Уход А. Ф. Федотова из МОИиЛ. Работа с П. Я. Рябовым, над ролью Платона Имшина в «Самоуправцах».

1890 г.

Участие в любительском спектакле Мамонтовых «Царь Саул». Разработка роли Паратова в «Бесприданнице».

1891 г.

Работа над комедией «Плоды просвещения» (Станиславский Звездинцев). Приход Г. Н. Федотовой как руководителя драматического отдела Общества.

Инсценировка «Села Степанчикова» («Фома», Станиславский полковник). «Успех у самого себя».

1892 г.

Встреча на сцене с актерами Малого театра: роль Богучарова в пьесе «Счастливец» Вл. И. Немировича-Данченко. Спектакль с участием Г. П. Федотовой и О. О. Садовской.

1893 г.

Спектакли в Туле и знакомство с Львом Толстым.

1894 г.

Возобновление деятельности МОИиЛ. Режиссерская работа над «Последней жертвой». Роль Жоржа Дорси в «Гувернере» В. А. Дьяченко. Гастроли в Ярославле. Выступление в Нижнем Новгороде в роли Паратова с Ларисой М. Н. Ермоловой.

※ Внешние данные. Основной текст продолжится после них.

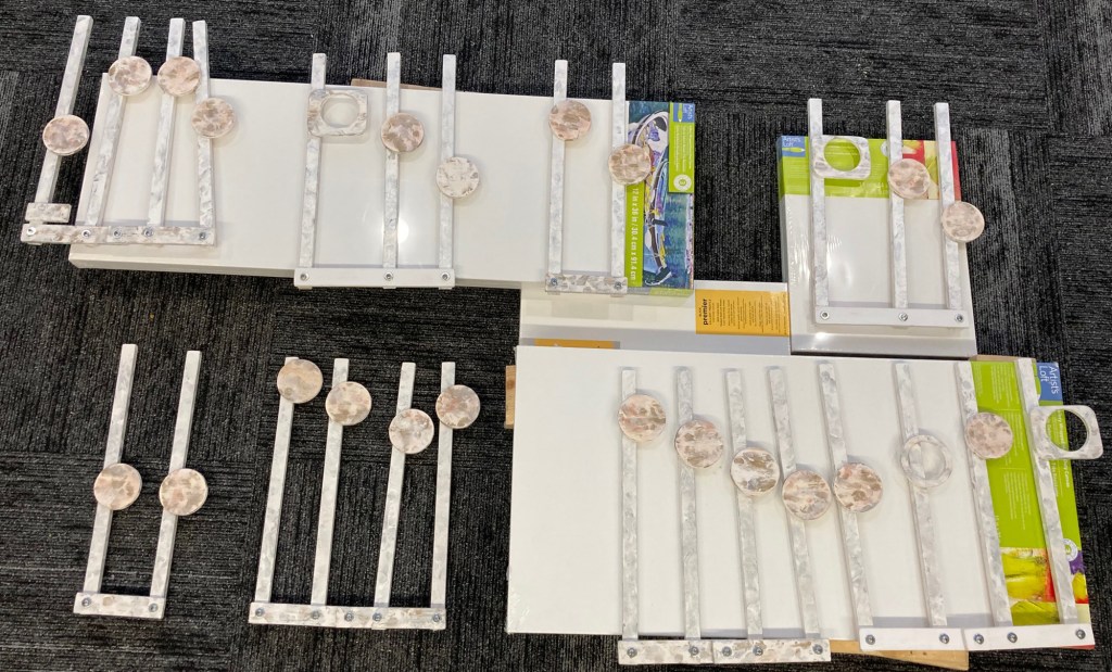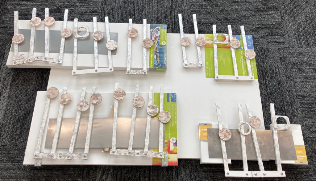 The background support is more complicated than creating the music. Cutting out the music from the wood is time consuming, but predictable, requiring supplies that are easily available locally. With my current music boxes using stretched canvases (to bring down my large extra inventory) not all sizes do I now have, or are available locally. That means, for example, if I need to order a canvas for the background or seek a solution to a construction issue, that could cause a delay in progress. Since I only work on one project at a time, timing my work schedule is important. That is a major reason, along with the challenge of design and preparing the background, that it is prudent that I design the background early in the project. That is what I am going to return to for next project and beyond.
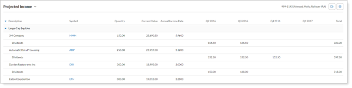 On the Projected Income report, we've made it easier to identify when interest and dividends were paid for each security. Now you can break interest and dividends out into separate rows under each security for greater detail. If you'd like to continue seeing the report as it's always been, with the interest and dividends combined in the same row with the security, select the new Combine interest and dividends setting. This is the default setting.
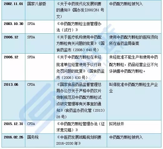 2016年3月1日《中藥配方顆粒管理辦法(征求意見稿)》結(jié)束向社會公開征求意見,行業(yè)開放的趨勢已明朗,業(yè)內(nèi)預(yù)計(jì)不久放開政策將正式出臺,打破此前僅有6家企業(yè)生產(chǎn)的局面。
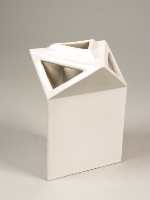 Driehoekige vaas met opbouw, waarin vier driehoekige openingen zijn aangebracht. Het geheel is wit geglazuurd
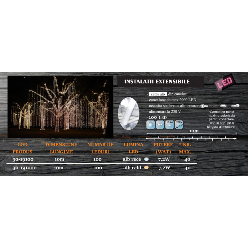 Instalatie Alb Rece 10m 100 LED sir fir alb - exterior 30-19100 gama S-OUT
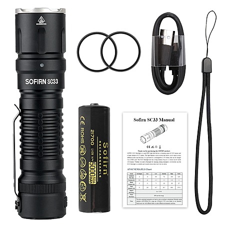 Sofirn SC33 XHP70.3 HI 5200 lumens 21700 USB-C Rechargeable Tactical LED Flashlight, 6000-6500K,
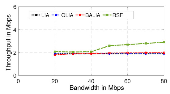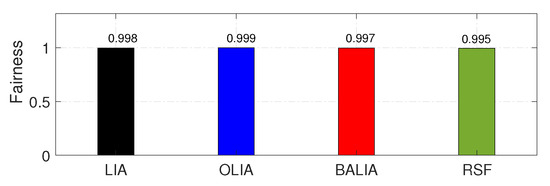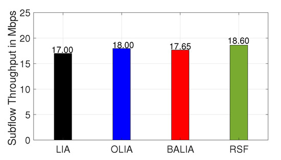 Figure 10 shows that when RSF-DB MPTCP was used, the throughput achieved by regular TCP flows was comparable to that obtained while competing with the other MPTCP algorithms. However, the corresponding MPTCP connection had much higher throughput. More specifically, when compared to the other MPTCP algorithms, the performance of TCP when competing with cooperative MPTCP flows was slightly lower, but the throughput gain for MPTCP was very high. The throughput gain rose because of RSF MPTCP’s ability to exploit the capacity of both available paths. The reason for the slightly reduced TCP throughput needs further investigation, and this remains for future work. The observation with RSF-LB was also similar.
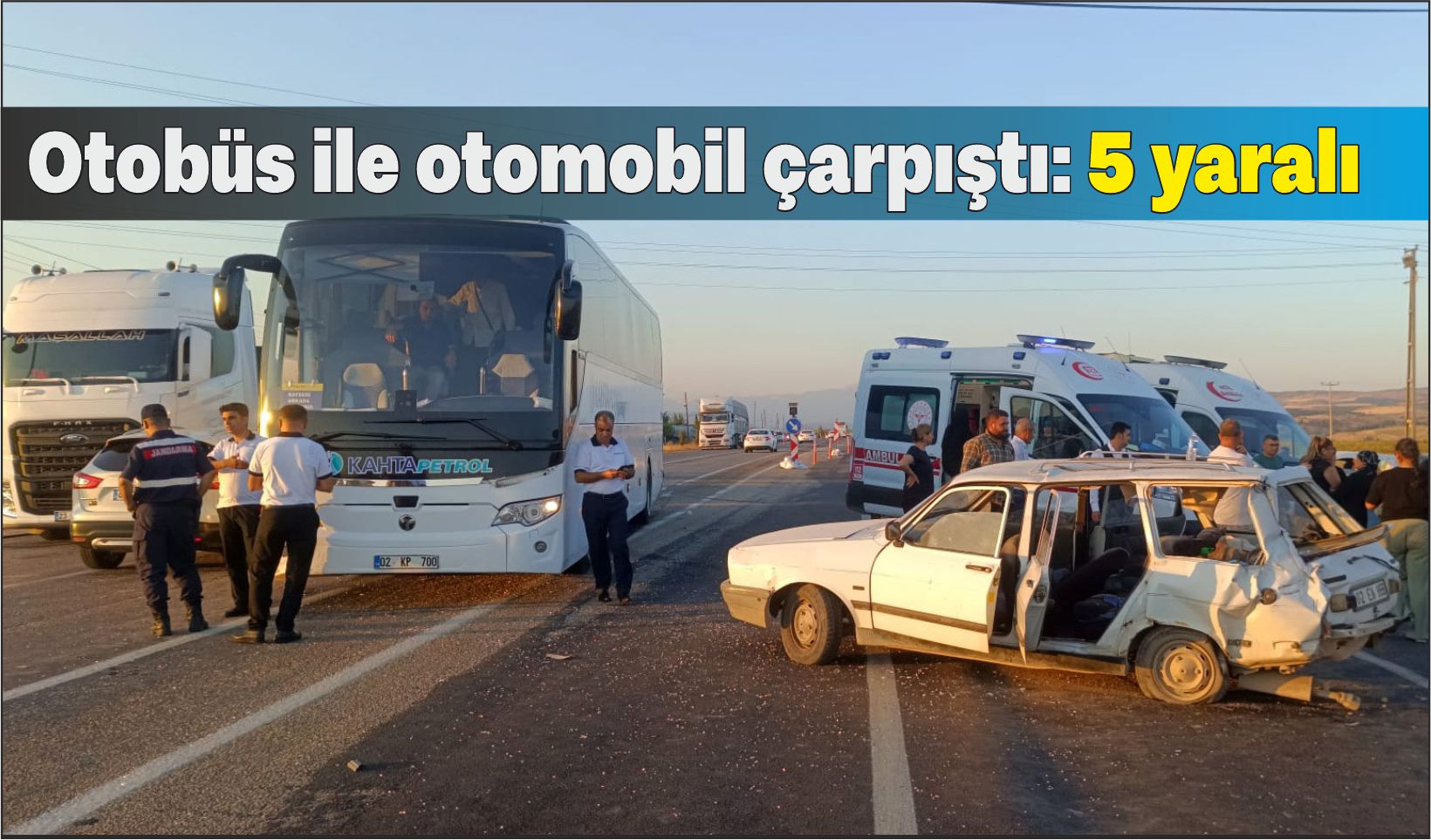 Edinilen bilgilere göre, Gölbaşı istikametinden Gaziantep yönüne seyir halinde olan Mustafa Çetinkaya idaresindeki 02 KP 700 plakalı otobüs ile Aydın Kartal idaresindeki 02 EN 955 plakalı otomobil, Çelik Köyü yol kavşağında çarpıştı. Kaza sonucunda otomobilde bulunan sürücü Aydın Kartal, Buse Elif Kartal, Yiğit Hurşit Kartal, Fatma Torun ve Gülden Kartal yaralandı. Yaralılar, olay yerine sevk edilen sağlık ekipleri tarafından ilk müdahalelerinin ardından Gölbaşı Devlet Hastanesi' e kaldırıldı. Kazayla ilgili soruşturma başlatıldı./İHA

С 1894 г. и до начала подготовки к открытию Художественного театра Станиславский прекращает регулярные записи. Они возобновляются только в 1897 г.

[ПРОЕКТ ДОГОВОРА О СОЗДАНИИ МОСКОВСКОГО ОБЩЕСТВА ИСКУССТВА И ЛИТЕРАТУРЫ]

С 1 сентября сего 1888 г. в Москве основывается Общество искусства и литературы, имеющее целью:

а) способствовать сближению между литераторами, художниками и артистами;

б) сообщить необходимые знания с целью выработки образованных артистов драматической и оперной сцены и в то же время доставлять возможность учащимся практически применять приобретенные знания, устраивая ученические спектакли;

в) устраивать образцовые любительские спектакли как оперные, так и драматические ввиду того, что таковые частью способствуют развитию в публике любви и более серьезному отношению ко сценическому искусству, частью же дают возможность обнаруживать новые серьезные таланты, могущие посвятить себя специальному изучению и служению искусству;

г) поддерживать и развивать под руководством и наставлением образованных и опытных специалистов всякий начинающий истинный талант на поприще литературы, сцены, музыки, живописи, ваяния и зодчества;

д) по мере сил, противодействуя дальнейшему развитию ложных направлений в области литературы и искусства, способствовать распространению и укреплению в обществе чувства прекрасного и изящного.

Для достижения своей цели Общество искусства и литературы учреждает Драматическо-музыкальную школу, образцовое любительское общество, библиотеку, устраивает заседания по вопросам литературы и искусства, а также литературно-музыкальные, сценические, художественные собрания, картинные выставки, аукционы картин, семейные вечера и другие собрания.

В должности директора музыкального отдела Школы и члена-представителя такового отдела в Правлении Общества будет Комиссаржевский1. Такую же должность по драматической части займет А. Ф. Федотов2. Казначеем при Обществе будет состоять К. С. Алексеев, а в состав остальных членов Правления, обязанности которых определятся более подробно с началом действия Общества, войдут между прочим гр. Соллогуб3, кн. Голицын4, П. В. Погожев5, Куров6 и др. Упомянутые лица выразили свое желание стать учредителями проектируемого Общества и единогласно приняли предложение г. К. С. Алексеева, каковое заключается в нижеследующем:

1. Г. Алексеев нанимает на свое имя и сродства для будущего Общества искусства и литературы помещение Пушкинского театра в д. Гинцбурга на Тверской, полностью весь второй и третий этажи за 8400 р. за первый год с правом возобновления контракта еще на два года, первый из них за 8700, второй 9000 р.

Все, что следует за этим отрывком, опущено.